PORTAGE, Wis. — University of Wisconsin Health Services says the Med Flight facility under construction at Divine Savior Healthcare in Portage should be operational by the end of July.

Construction started in mid-March on a 5,000-square-foot hangar and 2,500-square-foot auxiliary building that will house a Med Flight crew, their offices and supplies. The project has been completely funded by UW Health at a cost of $3 million to $3.5 million.

Much of the exterior work already was finished when crews managed by Findorff Construction out of Madison started working this week on interior projects including plumbing, electrical and in-floor heating, Divine Savior Director of Facilities Jeff Thompson said Thursday. The project is on track for completion July 3, at which point the site will be turned over to UW Health.

Portage becomes the third Med Flight location for UW Health. The others are in Madison and Mineral Point.

“The biggest thing for people to understand is this isn’t us just plopping down in the middle of Portage, unannounced,” said Dr. Ryan Wubben, head of UW Health pre-hospital medicine and a flight physician. “We’re very much mindful of integrating this in a responsible and seamless fashion with the emergency staff at Divine Savior Healthcare, and we have done a lot of work to make it seamless.”

The addition of a third aircraft means that Med Flight will soon employ 12 pilots instead of eight, Wubben said, and will also increase, by roughly 33 percent, the current number of flight physicians (20) and nurses (15) it employs. Med Flight missions involve crews of three — a pilot, a flight physician and a nurse — and the new Portage facility will be staffed accordingly 24 hours a day, seven days a week.

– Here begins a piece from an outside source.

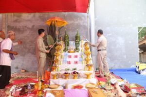 នៅព្រឹកថ្ងៃសុក្រ ទី១០ ខែមីនា ឆ្នាំ២០២៣នេះ លោកឧត្ដមសេនីយ៍ត្រី ហេង វុទ្ធី ស្នងការនគរបាលខេត្តកំពង់ចាម និងលោក ទុន ណេត អភិបាល នៃអភិបាលស្រុកស្ទឹងត្រង់ បានដឹកនាំលោក-លោកស្រី ស្នងការរង នាយការិយាល័យជំនាញ និងកម្លាំងអធិការដ្ឋាននគរបាលស្រុកស្ទឹងត្រង់ ចូលរួមក្នុងពិធីបញ្ចុះបឋមសិលា សាងសង់អាគារប៉ុស្តិ៍នគរបាលរដ្ឋបាលដងក្ដា នៃអធិការដ្ឋាននគរបាលស្រុកស្ទឹងត្រង់ ។
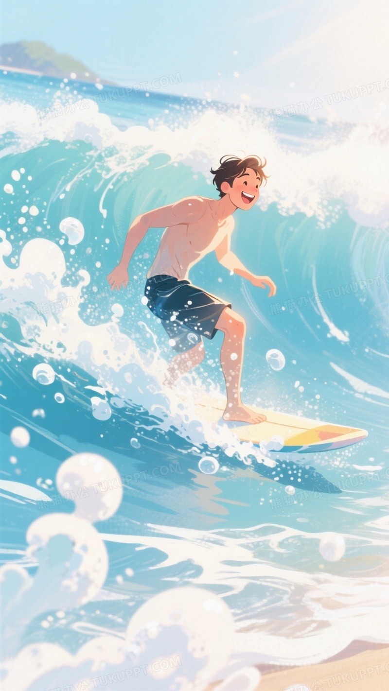 本作品内容为插画形式呈现夏天冲浪, 格式为 jpg, 大小1 MB, 图片尺寸为936 x 1664, 源文件无水印, 欢迎使用熊猫办公。 如认为平台内容涉嫌侵权,可通过邮件:tousu@tukuppt.com提出书面通知,我们将及时处理。

“If you take a 180-degree sweep, with Portage in the middle, and look out to the horizon from Reedsburg to Beaver Dam and points north, that’s a really busy area for us, and this puts us that much closer to where things are happening,” Wubben said of the new location and improved response times.

“It puts us about 20 or so minutes closer to that whole swath of area.”

Divine Savior President and CEO Michael Decker said the addition bolsters an already strong local emergency response. The hospital in Portage houses six emergency vehicles — five ground ambulances and one intercept vehicle — that in 2018 responded to 2,913 emergency calls.

“It really just gives everybody that extra reassurance,” Decker said. “When seconds count, we have our ground ambulance services, which we’re very proud of, and then having Med Flight here just raises everything up.”

Thompson and the hospital’s marketing and community relations director, Haley Gilman, pointed out how the Med Flight project follows two other major additions to the Portage campus — the Tivoli nursing home in 2010 and the Wellness Center in 2016.

“This is part of the vision,” Gilman said, “to have all of these services, everything, located right here in the community.”